I have one week to accomplish a ton of stuff for this class and then it's over. I'm still realing to some degree. It seems I just started the damn thing but I guess it's been over a month. I do have a 5 page play and soon a 10 page play to show for it plus a lot of beginnings for others. I have no idea if I'll keep up with it though. It's really difficult for me to be creative right now. Think I need a booster of creativity but I don't know where to find it.

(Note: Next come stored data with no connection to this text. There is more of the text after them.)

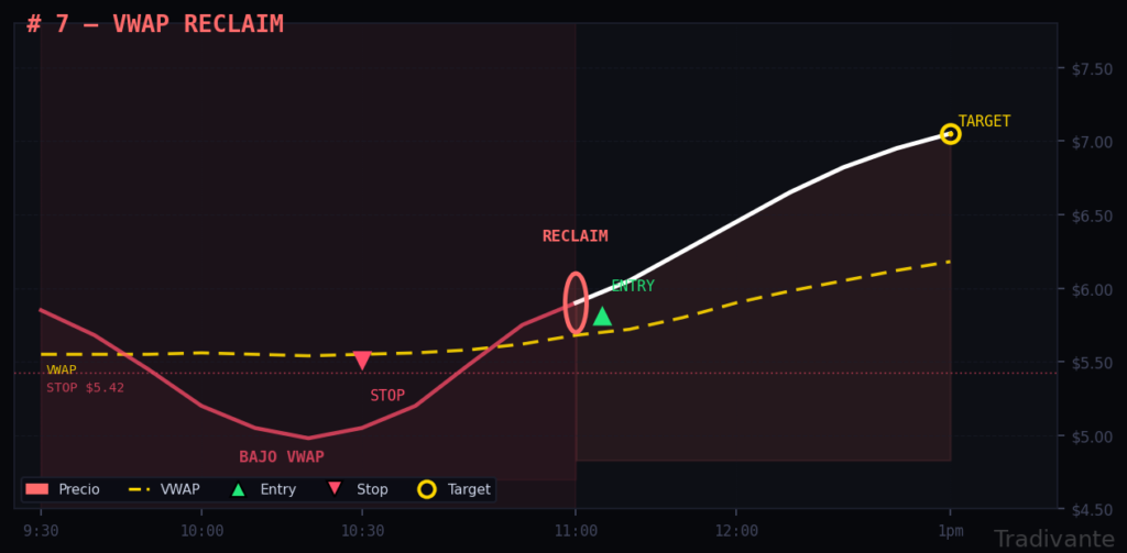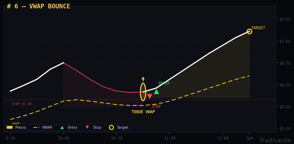 El precio ha caído por debajo del VWAP y luego lo recupera con una vela fuerte y con buen volumen. Es una señal de reversión intraday y suele darse bien avanzada la sesión.
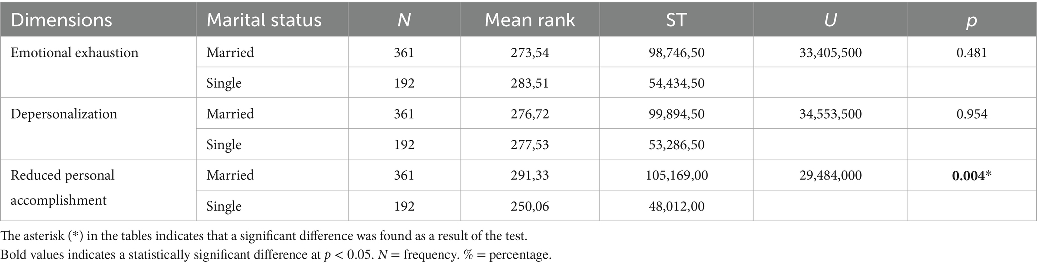 Based on the Mann–Whitney test results, participating teachers had statistically significant differences in (p < 0.05) the reduced personal accomplishment dimension. Results revealed that married teachers had higher burnout levels compared with single teachers.
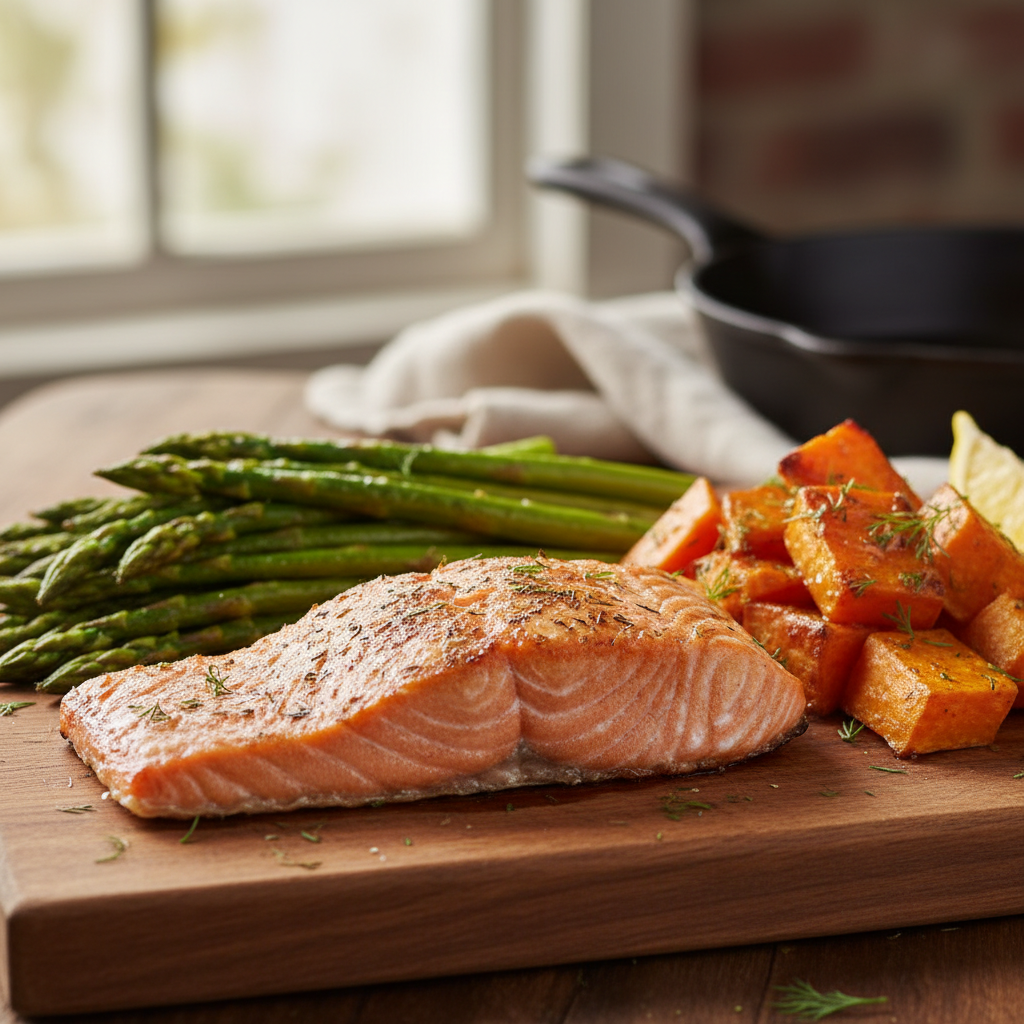 • Sheet Pan Salmon and Veggies: Salmon fillets roasted with broccoli florets, sweet potato chunks, and olive oil.
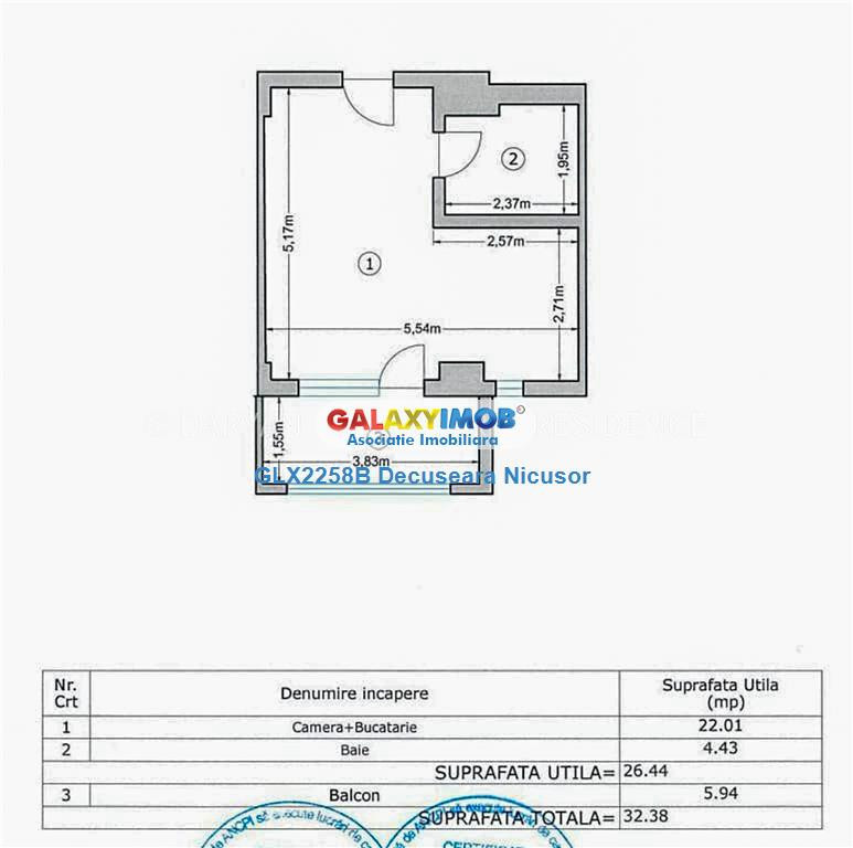 Oferta Exclusiva. Avem cheile proprietatii. Agentia Daryan Imobiliare Residende va ofera spre vanzare garsoniera situata pe strada Ilie Petre, nr. 86, in complexul rezidential MILITARI RESIDENCE. Situata la etajul 8 al unui bloc cu 8 etaje, cu placa de beton deasupra si pod cu o suprafata de 33 mpu. Bloc prevazut cu 2 lifturi. BENEFICII: Complexul MILITARI RESIDENCE, pune la dispozitia locuitorilor: piscina exterioara si interioara, spa, wellness, restaurante, locuri amenajate pentru copii, sala de forta, farmacii, spalatorii auto si cel mai mare complex comercial din MILITARI. PRET: 47.900 euro Se accepta atat plata cash, cat si plata prin credit bancar. Comision: 1% din valoarea proprietatii (oferim factura si chitanta ) Detalii la telefon: 0771 03.83.41. Multumim! Informatii eficienta energetica: Clasa energetica: Consumul de energie primara: Indicele de emisii echivalent CO2: Consum de energie din surse regenerabile:
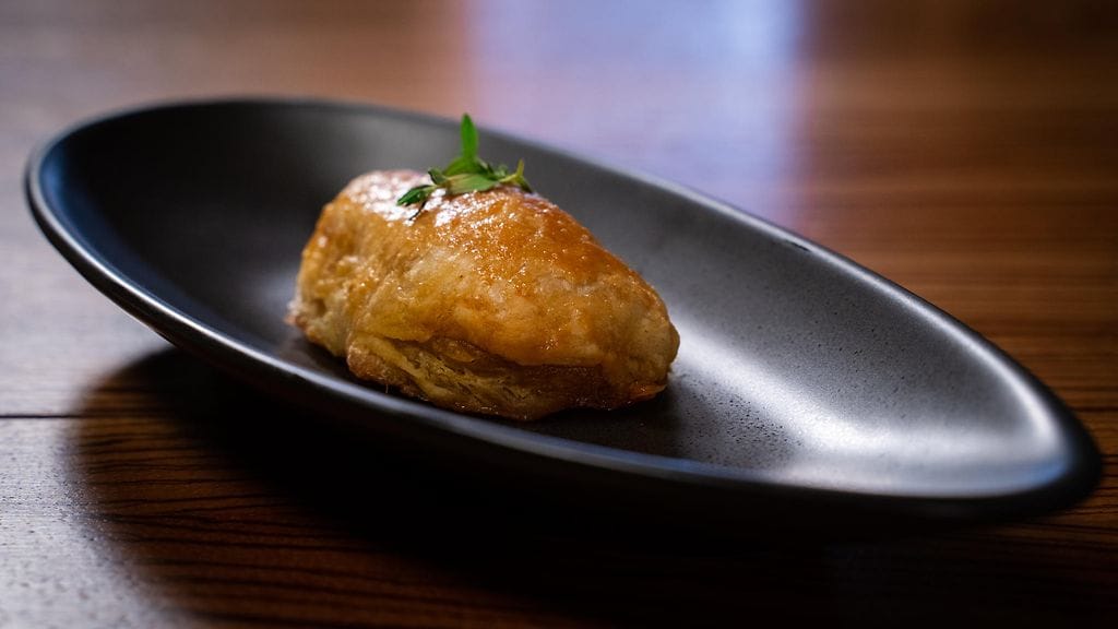 Tee voitaikinasta pyöreä kiekko. Aseta kiekolle mozzarellaa ja jauhelihatäytettä. Sulje taikinakiekko. 5. Paista 200 asteisessa uunissa noin 17 minuuttia. 6. Koristele tuoreen oreganon lehdillä.
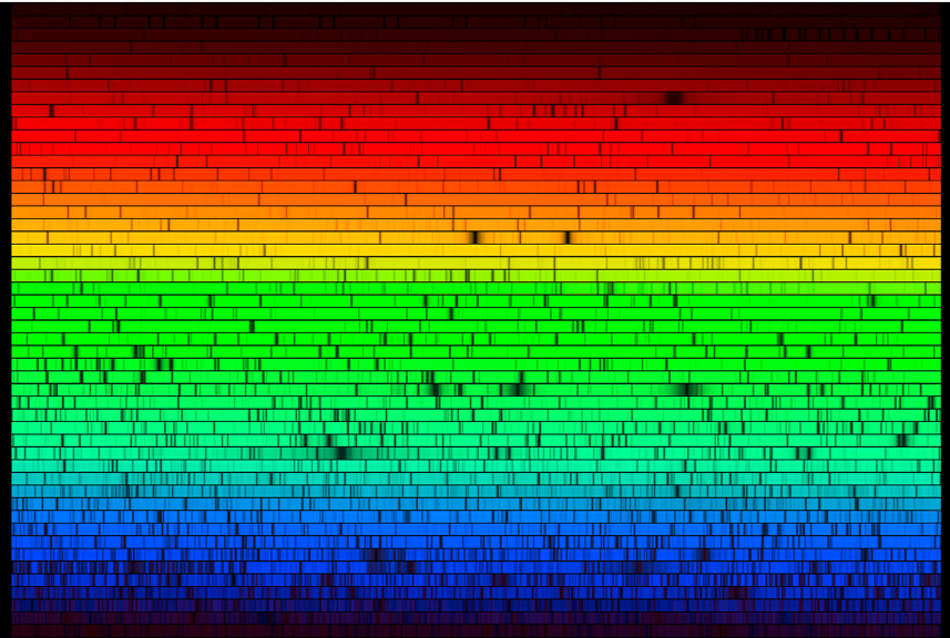 대부분의 별은 스펙트럼(여기서는 태양의 경우처럼)에서 일부 색이 결여된 모습을 보이며, 이는 별의 대기가 특정 파장의 빛을 흡수하기 때문이다. 그러나 감마 카시오페이아(Gamma Cassiopeiae)는 스펙트럼의 다른 부분보다 더 밝은 방출선을 함께 보여 천문학자들을 놀라게 했다. 출처: 미국국립광학천문대(NOAO) / AURA / 미국국립과학재단(NSF), CC BY

I know that I'm just tired from the week and from not eating right, but tonight I'm feeling that lonliness creep up on me again. Feeling like I could be the island that no man is supposed to be. I thinkI just need more sleep. Doesn't help that Ben came in today again. I swear it's a nasty joke being played on me by the Universe. Don't see him, then write about that and there he turns up. I guess I'm just jealous. Funny that. Jealous of someone I don't even know. Silly really if you ask me but I've never been one to be all that practical when it comes to this sort of thing.
I'm sorry this all seems to be downer messages lately. I'm sorry that I feel this way lately at night. Sorry for a lot of things lately in my life, but it has it's perks I suppose. I do keep trying to find that bright ray through the gloom and usually I can find it if I look hard enough. Sides, I got folks what love me. So...there ya go. And here I go cause I have to get a shave tonight. Friggin starting to look like a street bum.
Peace out there where ever you are. Wrap yer arms around yourselves and pretend it's from me.